From the Cardiovascular Research Center, Massachusetts General Hospital, Boston (D.H., A.L., A.Y., L.X., D.J.M., I.J.D.).
Department of Biomedical Engineering, Boston University, MA (D.H.).
Circ Res. 2018 Oct 12;123(9):1066-1079. doi: 10.1161/CIRCRESAHA.118.313249.
Human pluripotent stem cell-derived cardiomyocytes (hPSC-CMs) are a readily available, robustly reproducible, and physiologically appropriate human cell source for cardiac disease modeling, drug discovery, and toxicity screenings in vitro. However, unlike adult myocardial cells in vivo, hPSC-CMs cultured in vitro maintain an immature metabolic phenotype, where majority of ATP is produced through aerobic glycolysis instead of oxidative phosphorylation in the mitochondria. Little is known about the underlying signaling pathways controlling hPSC-CMs' metabolic and functional maturation.
To define the molecular pathways controlling cardiomyocytes' metabolic pathway selections and improve cardiomyocyte metabolic and functional maturation.

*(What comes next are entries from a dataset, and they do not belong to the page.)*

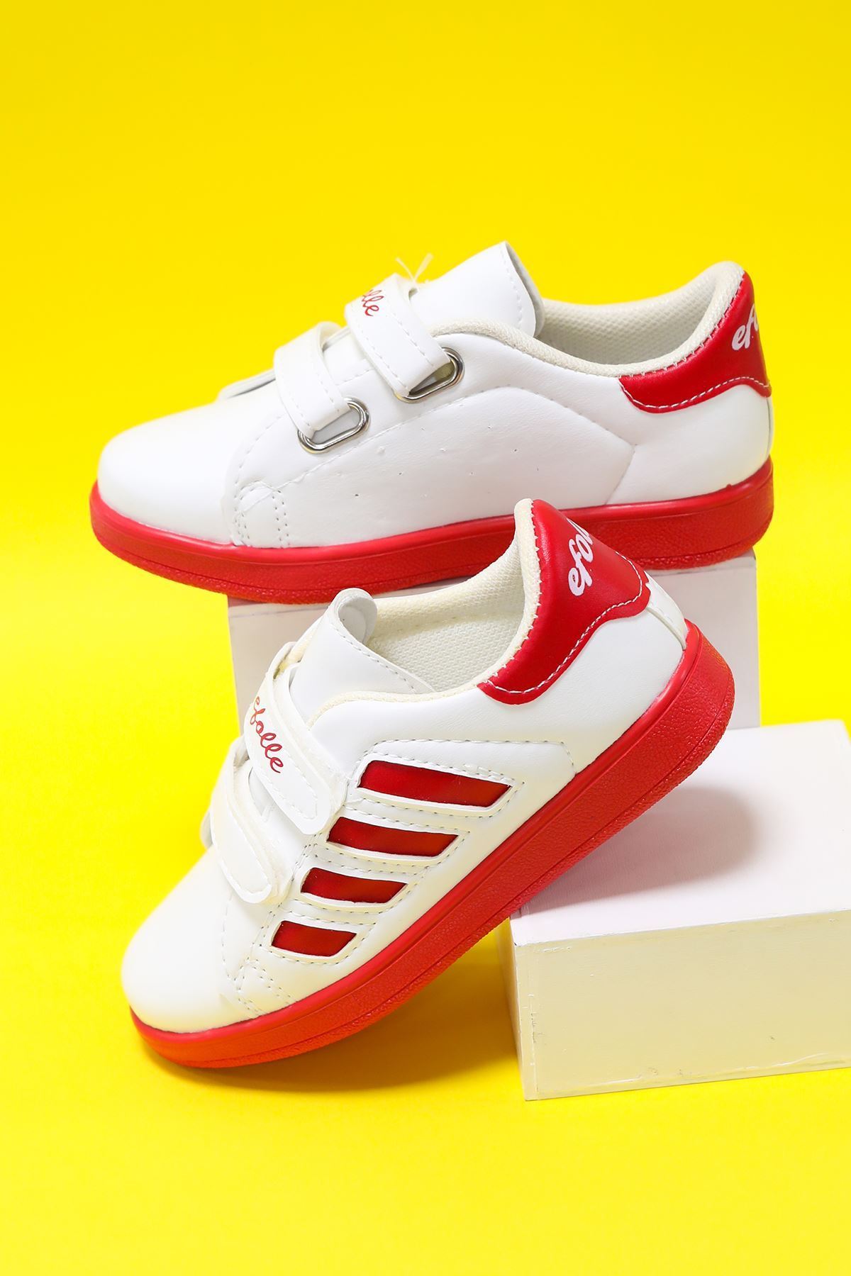 Beyaz Yanı Kırmızı Şeritli Çocuk Ayakkabı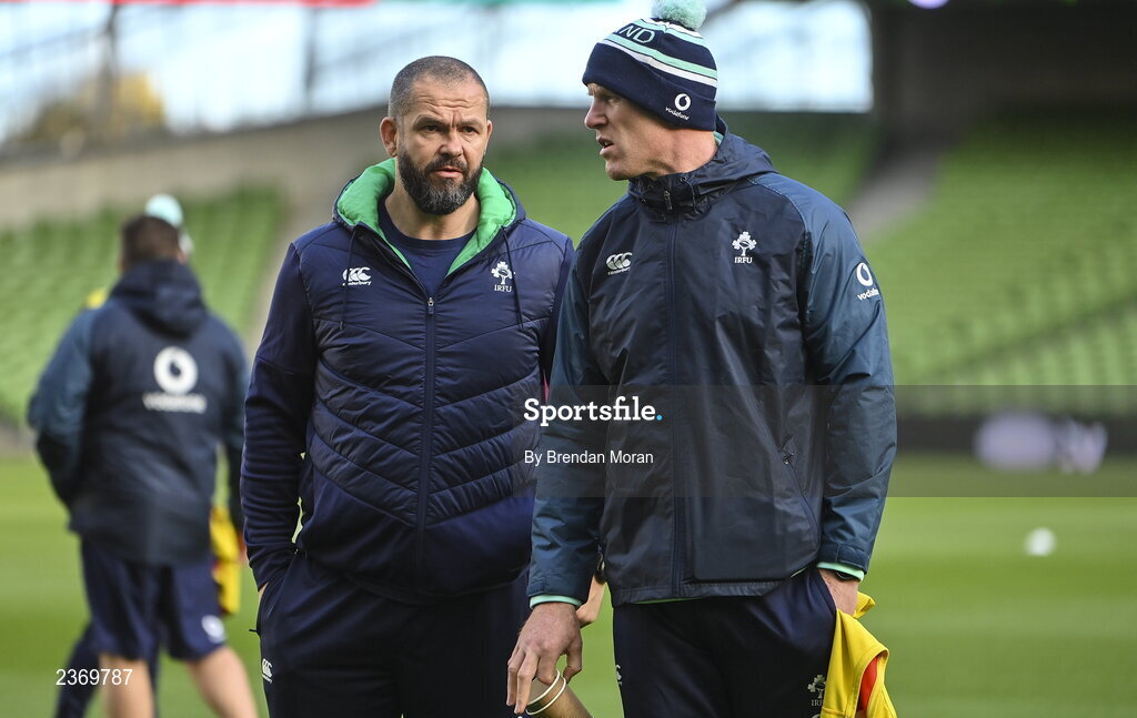 4 November 2022; Head coach Andy Farrell, left, and forwards coach Paul O'Connell during the Ireland captain's run at the Aviva Stadium in Dublin. Photo by Brendan Moran/Sportsfile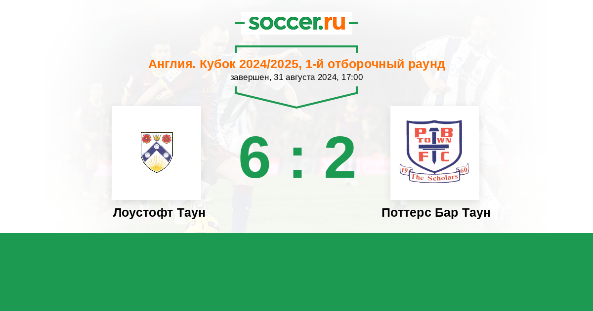 Лоустофт Таун - Поттерс Бар Таун: обзор матча 31 августа 2024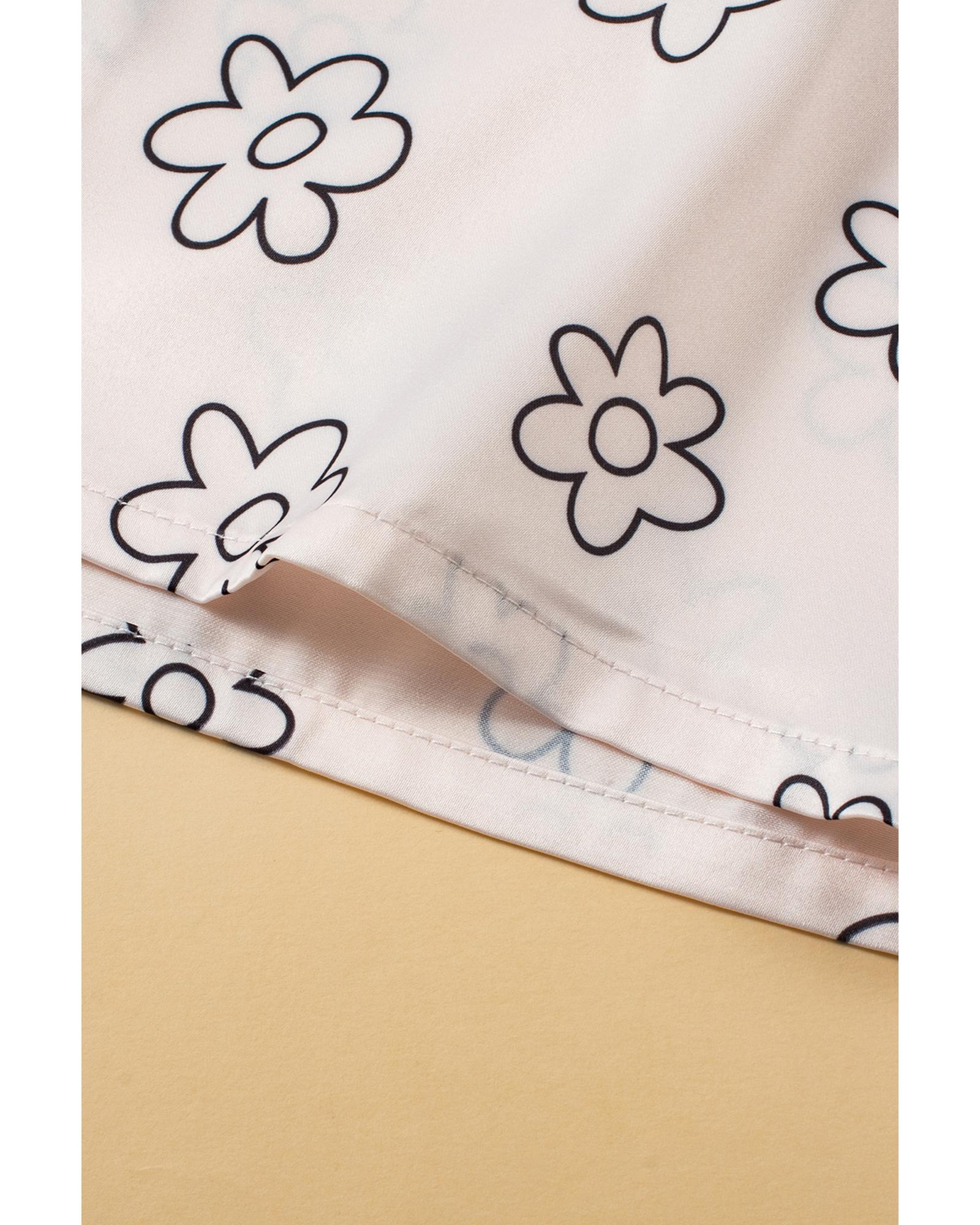 Pink Bow Print Half Sleeve Shirt and Shorts Pajamas Set - XL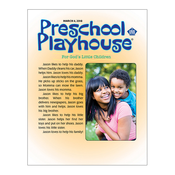 Preschool Playhouse student folders fill the open hearts and minds of youngsters ages 2-5 with a clear understanding of Jesus' role in their lives. Designed in an easy-to-use nested folder format, Preschool Playhouse includes 13 weekly lesson worksheets that offer a simple Bible story, a contemporary story, fun activities, and tips for parents to become more involved in their child’s spiritual formation. Like all UMI curriculum, Preschool Playhouse is based on the International Uniform Lesson Series.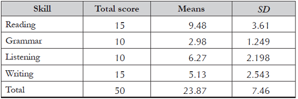 As seen in Table 8, the TAs’ proficiency is below average as the total means is 23.87. They were weak in grammar (M = 2.98), average in listening (M = 6.27) and writing (M = 5.13). However, reading was the best skill (M = 9.48). This can be attributed to the fact that the reading questions were direct, and they did not require high level thinking. Also, the TAs had a lot of training in reading during their previous study of English language. Surprisingly, grammar is the weakest language area although they studied it extensively in secondary school and university courses. This might have been caused by the fact that the TAs were not in contact with grammar for a long time. Concerning listening, the TAs are average. This skill was not focused on in any previous English courses they had studied. As for writing, the TAs suffered from many problems such as sentence structure, subject verb agreement, use of correct vocabulary, style, and punctuation. It could be stated that the TAs’ level of proficiency is below average. This may be due to the weak English syllabus in the secondary school and university. Another reason is that the time allotted for English courses is not enough to improve students’ level of proficiency. Use of Arabic as the language of instruction in the university can be an additional reason for this level. These results match with what was revealed by Bedoya et al. (2015) and Bouabdallah (2015), who concluded that their participants were not proficient in English. Similar to the results of this study, Moattarian and Tahririan (2014) found that the previous courses taken by their participants were not useful.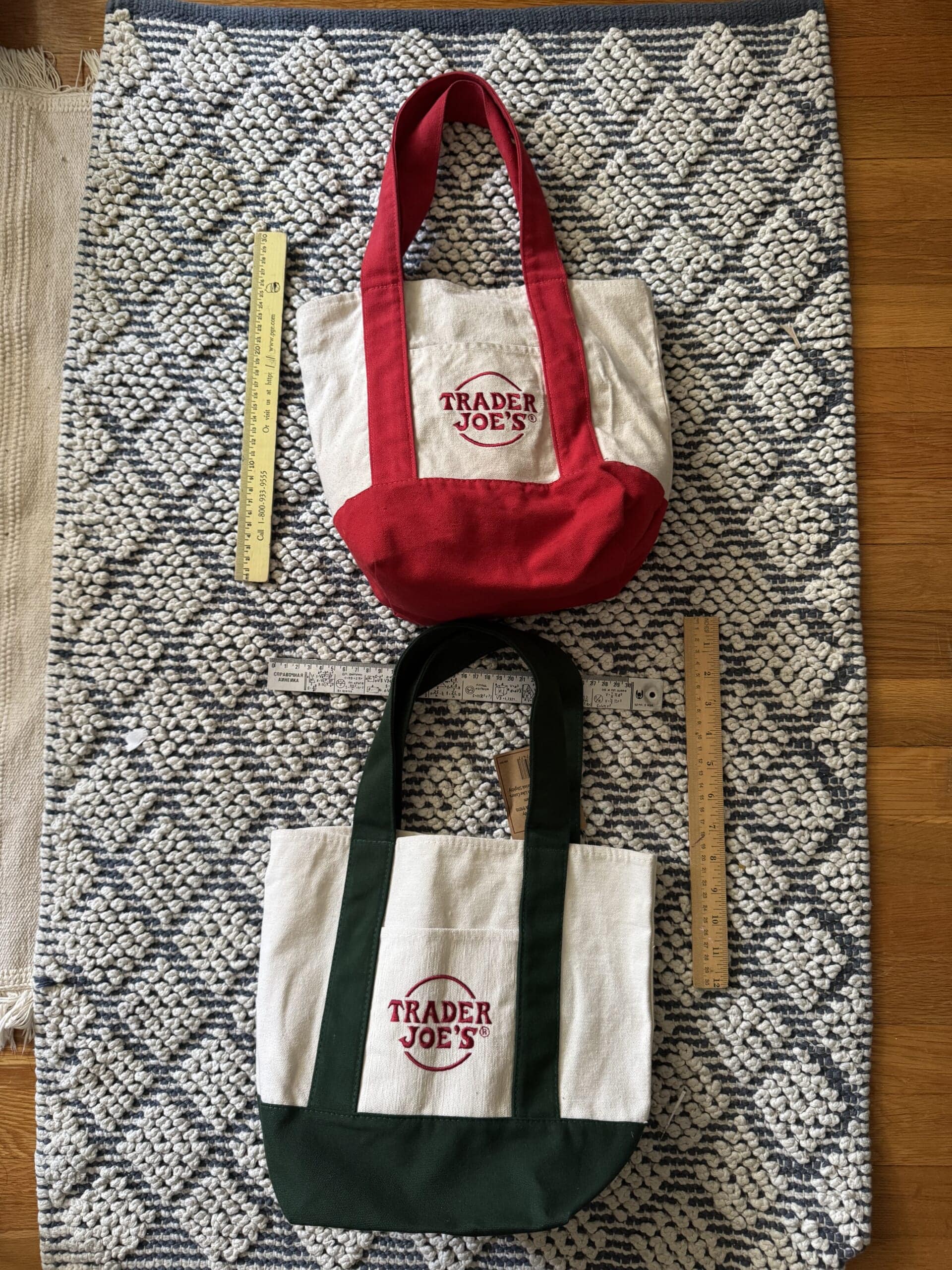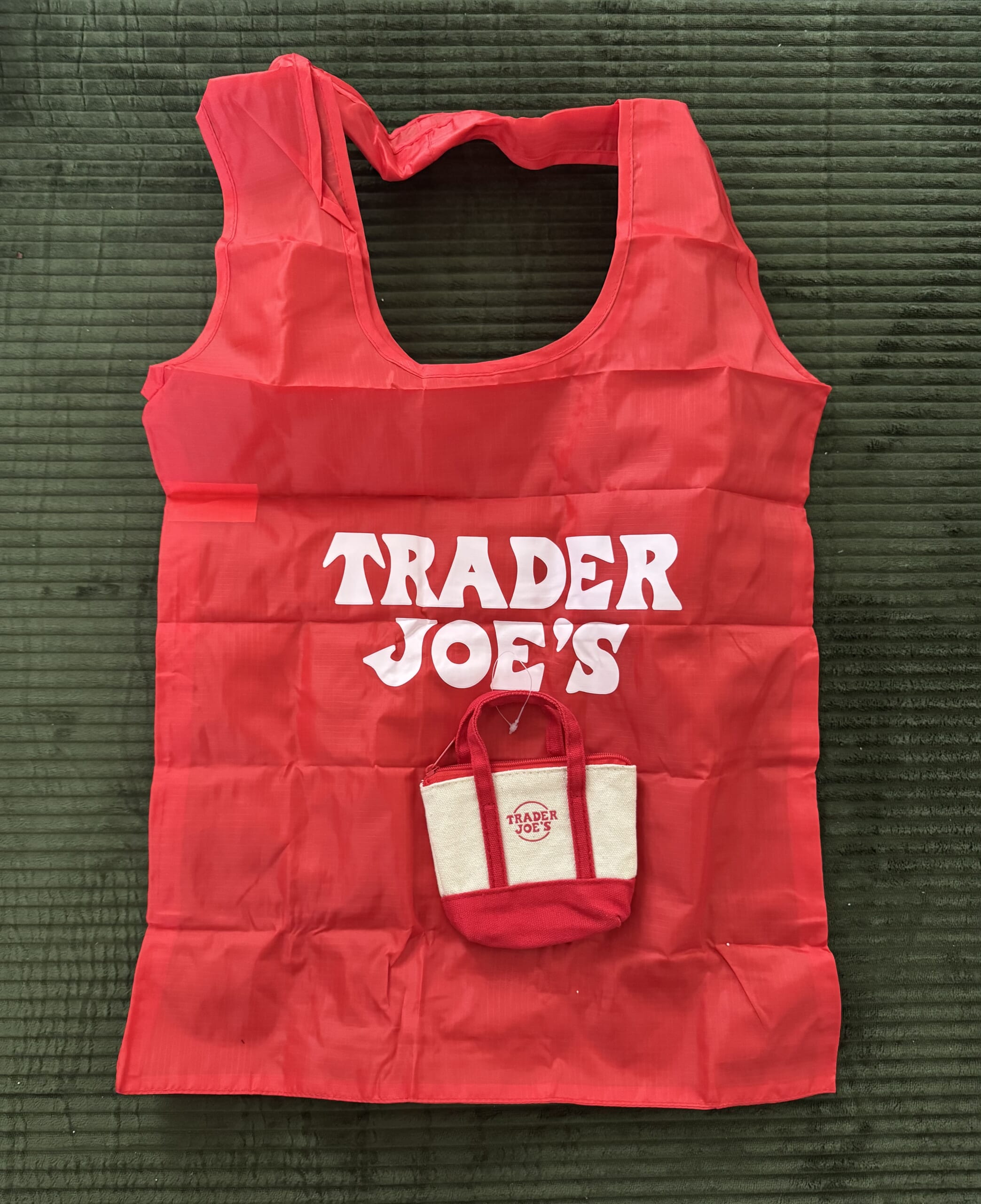 トレージョーの定番エコバッグ。LLBeanのグロッサリートートみたいなサイズが標準なのですが、同じデザインのまま手提げサイズになったエコバッグは大人気。

We cultured hPSC-CMs in different media compositions including glucose-containing media, glucose-containing media supplemented with fatty acids, and glucose-free media with fatty acids as the primary carbon source. We found that cardiomyocytes cultured in the presence of glucose used primarily aerobic glycolysis and aberrantly upregulated HIF1α (hypoxia-inducible factor 1α) and its downstream target lactate dehydrogenase A. Conversely, glucose deprivation promoted oxidative phosphorylation and repressed HIF1α. Small molecule inhibition of HIF1α or lactate dehydrogenase A resulted in a switch from aerobic glycolysis to oxidative phosphorylation. Likewise, siRNA inhibition of HIF1α stimulated oxidative phosphorylation while inhibiting aerobic glycolysis. This metabolic shift was accompanied by an increase in mitochondrial content and cellular ATP levels. Furthermore, functional gene expressions, sarcomere length, and contractility were improved by HIF1α/lactate dehydrogenase A inhibition.
We show that under standard culture conditions, the HIF1α-lactate dehydrogenase A axis is aberrantly upregulated in hPSC-CMs, preventing their metabolic maturation. Chemical or siRNA inhibition of this pathway results in an appropriate metabolic shift from aerobic glycolysis to oxidative phosphorylation. This in turn improves metabolic and functional maturation of hPSC-CMs. These findings provide key insight into molecular control of hPSC-CMs' metabolism and may be used to generate more physiologically mature cardiomyocytes for drug screening, disease modeling, and therapeutic purposes.
人类多能干细胞衍生的心肌细胞(hPSC-CMs)是一种易于获得、可高度重现且生理适宜的人类细胞来源,可用于体外心脏疾病建模、药物发现和毒性筛选。然而,与体内的成人心肌细胞不同,体外培养的 hPSC-CMs 保持不成熟的代谢表型,其中大部分 ATP 通过有氧糖酵解产生,而不是通过线粒体中的氧化磷酸化产生。目前尚不清楚控制 hPSC-CMs 代谢和功能成熟的潜在信号通路。
确定控制心肌细胞代谢途径选择的分子途径,并改善心肌细胞的代谢和功能成熟。
我们在不同的培养基组成中培养 hPSC-CMs,包括含葡萄糖的培养基、含葡萄糖和脂肪酸的培养基以及以脂肪酸为主要碳源的无葡萄糖培养基。我们发现,在葡萄糖存在的情况下培养的心肌细胞主要利用有氧糖酵解,并异常地上调 HIF1α(缺氧诱导因子 1α)及其下游靶标乳酸脱氢酶 A。相反,葡萄糖剥夺促进氧化磷酸化并抑制 HIF1α。HIF1α 或乳酸脱氢酶 A 的小分子抑制导致从有氧糖酵解到氧化磷酸化的转变。同样,HIF1α 的 siRNA 抑制刺激氧化磷酸化,同时抑制有氧糖酵解。这种代谢转变伴随着线粒体含量和细胞内 ATP 水平的增加。此外,HIF1α/乳酸脱氢酶 A 的抑制增强了功能基因表达、肌节长度和收缩性。
我们表明,在标准培养条件下,hPSC-CMs 中 HIF1α-乳酸脱氢酶 A 轴异常上调,阻止其代谢成熟。该途径的化学或 siRNA 抑制导致从有氧糖酵解到氧化磷酸化的适当代谢转变。这反过来又改善了 hPSC-CMs 的代谢和功能成熟。这些发现为 hPSC-CMs 代谢的分子控制提供了重要见解,并可用于生成更具生理成熟度的心肌细胞,用于药物筛选、疾病建模和治疗目的。